START Input data

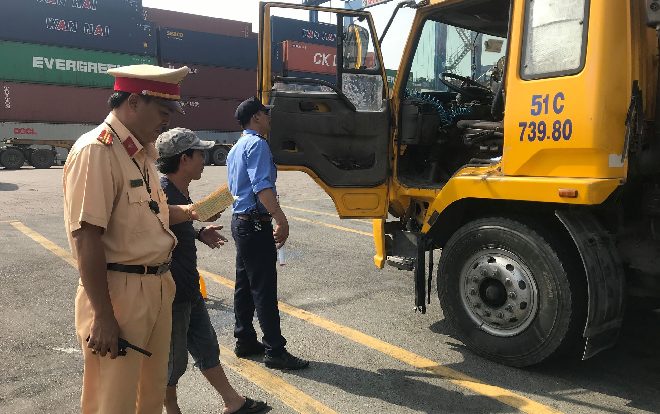 Sáng 23/1, đoàn kiểm tra liên ngành gồm Đội CSGT Cát Lái thuộc Phòng CSGT đường bộ - đường sắt (PC08) phối hợp cùng công an quận 2, cảnh sát hình sự và Tổng công ty Tân Cảng Sài Gòn thực hiện chuyên đề kiểm tra ma túy đối với tài xế container trong cảng Cát Lái.
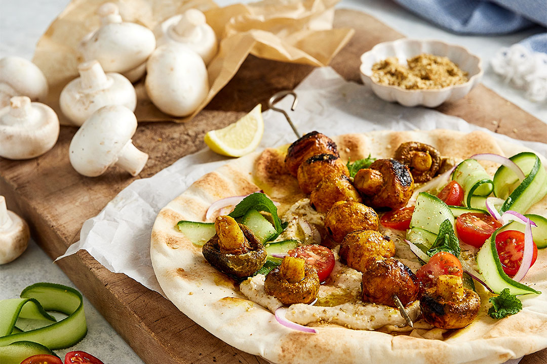 To serve, spread hummus on Lebanese bread and top with mushroom and onion, cucumber, tomato, mint and dukkah. Roll up and serve.
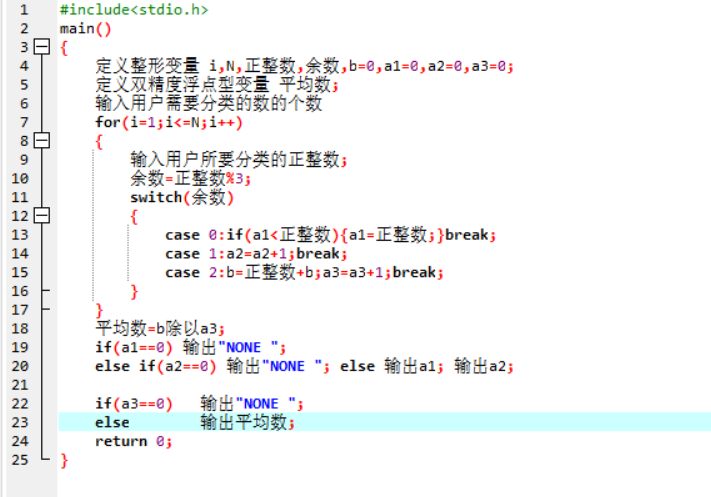 用了整形变量i,N,sum,a,b=0,a1=0,a2=0,a3=0和双精度浮点型变量average;
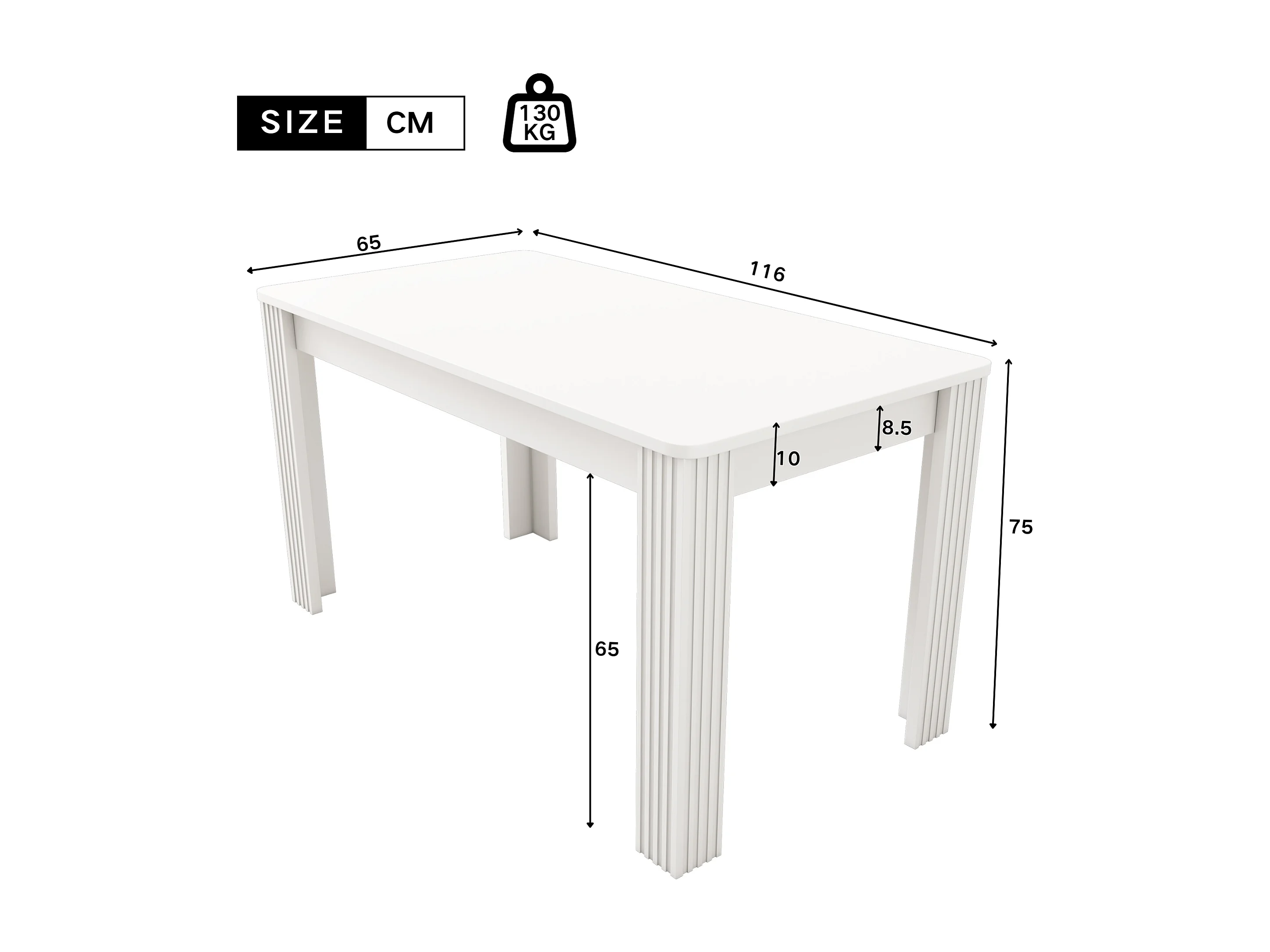 Table à manger 116x65x75 cm pour 4-6 personnes - pieds en bois - blanc
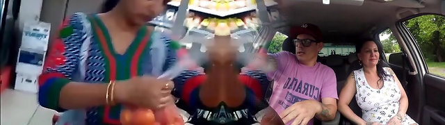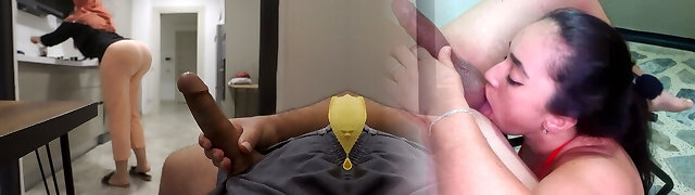 Straight haired brunette seduces a dude and deep throats his tool for guy goo
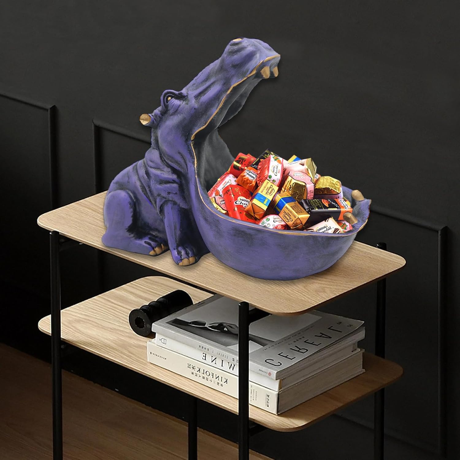 aboxoo Hippo Statue Home Resin Hippopotamus Figurine Fun Candy Dish,Key Bowl,Big Mouth Sculpture Table Art Decoration Sundries Container Storage Box (Purple)
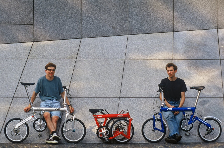 主力商品ともいえる、フォールディングバイクの雄「バーディー」。ドイツr&m社が手掛けたモデルで、1995年にデビューし、2000年代のミニベロブームを生んだ名機種。ドイツの名門ダルムシュダット工科大学出身のマーカス・リーズとハイコ・ミューラーの2人の自転車好きが作り上げた。r&m(リーズ&ミューラー)とは2人の名前からとった社名だ。
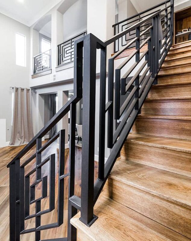 Ограждения со стальным нержавеющим тросом. Поручни дуб, термоясень, металлический профиль.
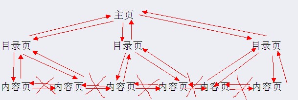 除了上图中有的“上一篇”和“下一篇”之外,没有任何一个附属的链接性传递,所以,我们可以观察到这个网站的结构为如下所示,
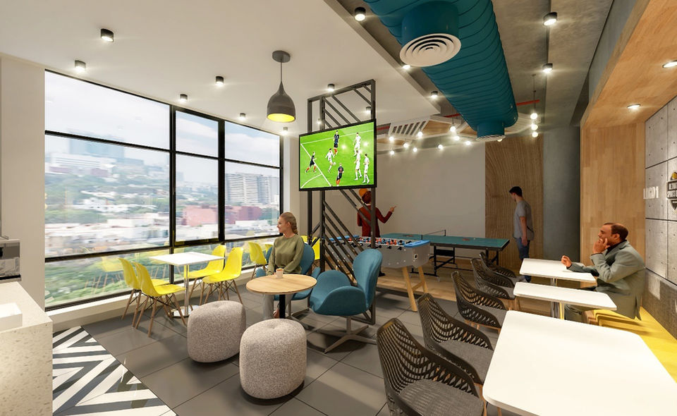 The space is designed to foster collaboration and creativity, with a variety of workspaces, meeting rooms, and breakout areas. The office also features a recreational space with a café and gaming zones, promoting employee well-being and a fun work culture.
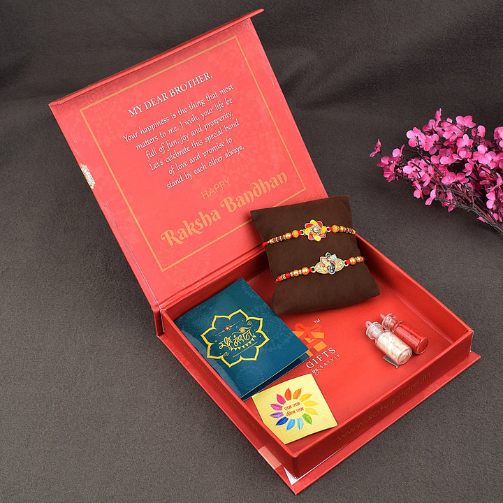 • Package: Set of 2 Bhaiya Rakhi, 1 Greeting card, 1 Roli Chawal Bottle, 1 Designer Gift Box
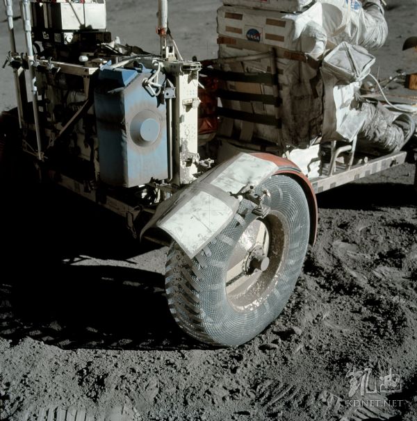 这是阿波罗登月车的轮胎近景,轮毂是铝合金的,轮胎由镀锌钢丝编织而成。70年代这件复制品一直在美国华盛顿的宇航博物馆里公开展出。
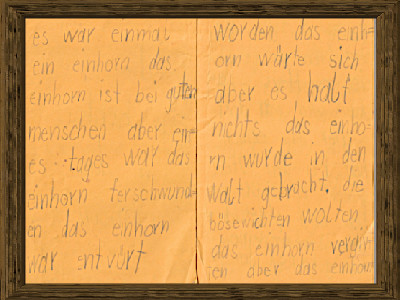 Auch wenn die folgenden vier Grundschuljahre in ihrer Dramaturgie nicht ganz mit dem ersten Tag mithalten konnten, blieb ich meinem Entschluss treu. Geschichten schrieb ich übrigens damals schon sehr gerne, wie das Bild beweist. Die (vermutlich) erste geschriebene Geschichte aus der 1./2. Klasse trägt den vielversprechenden Titel »die geschichte fom dem einhorn« und entfesselt auf zehn Seiten ein atemberaubendes Abenteuer voller Fantasie, Spannung, Action, Romantik und überraschenden Wendungen – also alles, was ein echter Bestseller braucht! (Von ein paar stilistischen Mängeln abgesehen.)
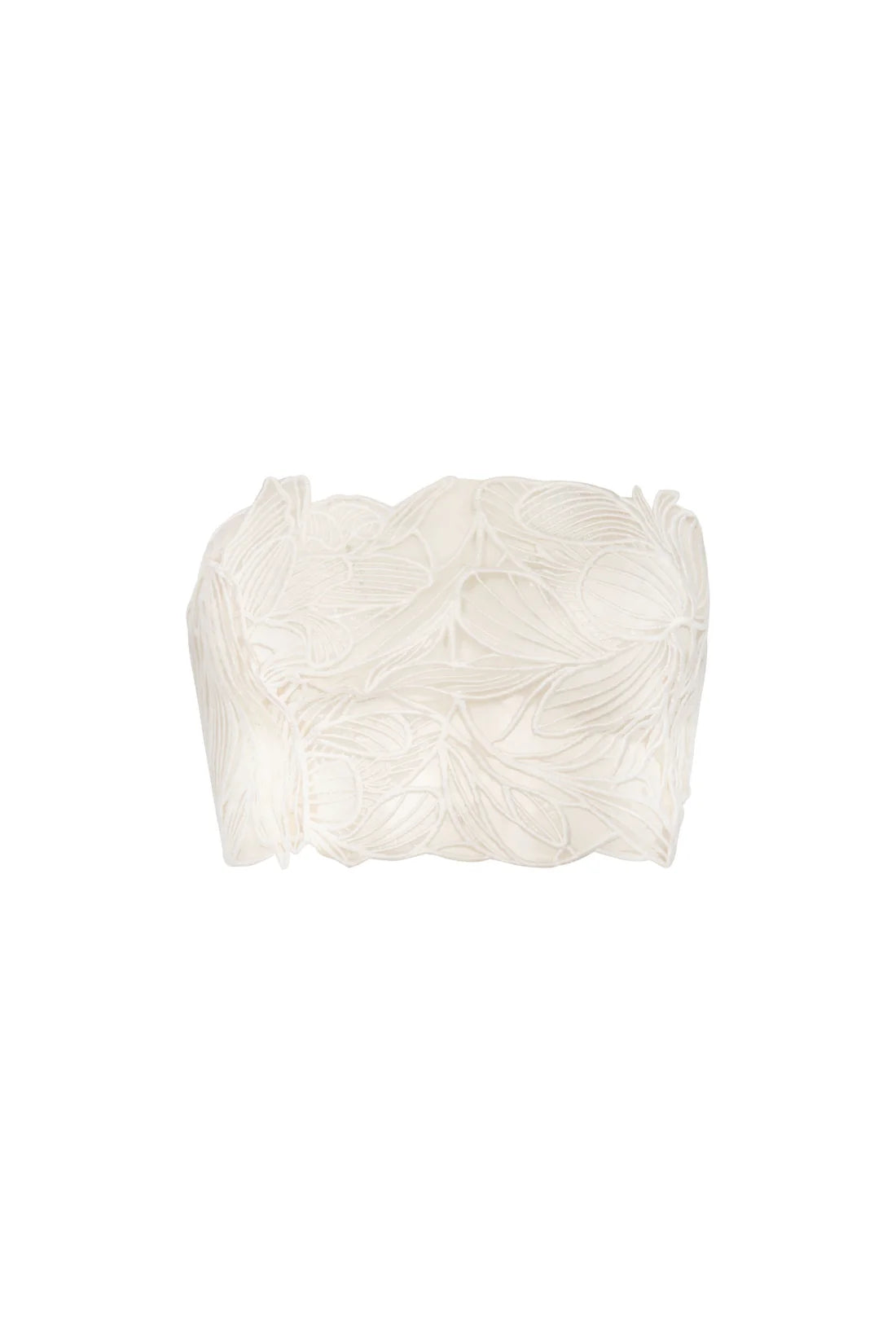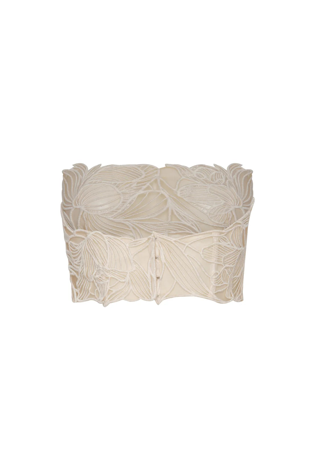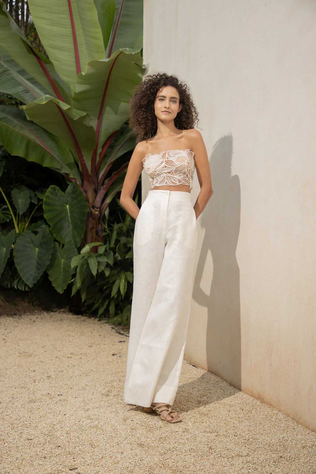 "Astromelia". Un top delicado con flores bordadas que parecen flotar sobre la piel. Su color suave lo hace perfecto para días especiales.

END Input data

### [Work task]
Only the lines above from the one containing "The space is" through the one containing "这是阿波罗登月车的轮胎近景,轮毂是铝合金" should be returned, verbatim and inclusive, with pictures excluded.

### [Response area]
 The space is designed to foster collaboration and creativity, with a variety of workspaces, meeting rooms, and breakout areas. The office also features a recreational space with a café and gaming zones, promoting employee well-being and a fun work culture.
 • Package: Set of 2 Bhaiya Rakhi, 1 Greeting card, 1 Roli Chawal Bottle, 1 Designer Gift Box
 这是阿波罗登月车的轮胎近景,轮毂是铝合金的,轮胎由镀锌钢丝编织而成。70年代这件复制品一直在美国华盛顿的宇航博物馆里公开展出。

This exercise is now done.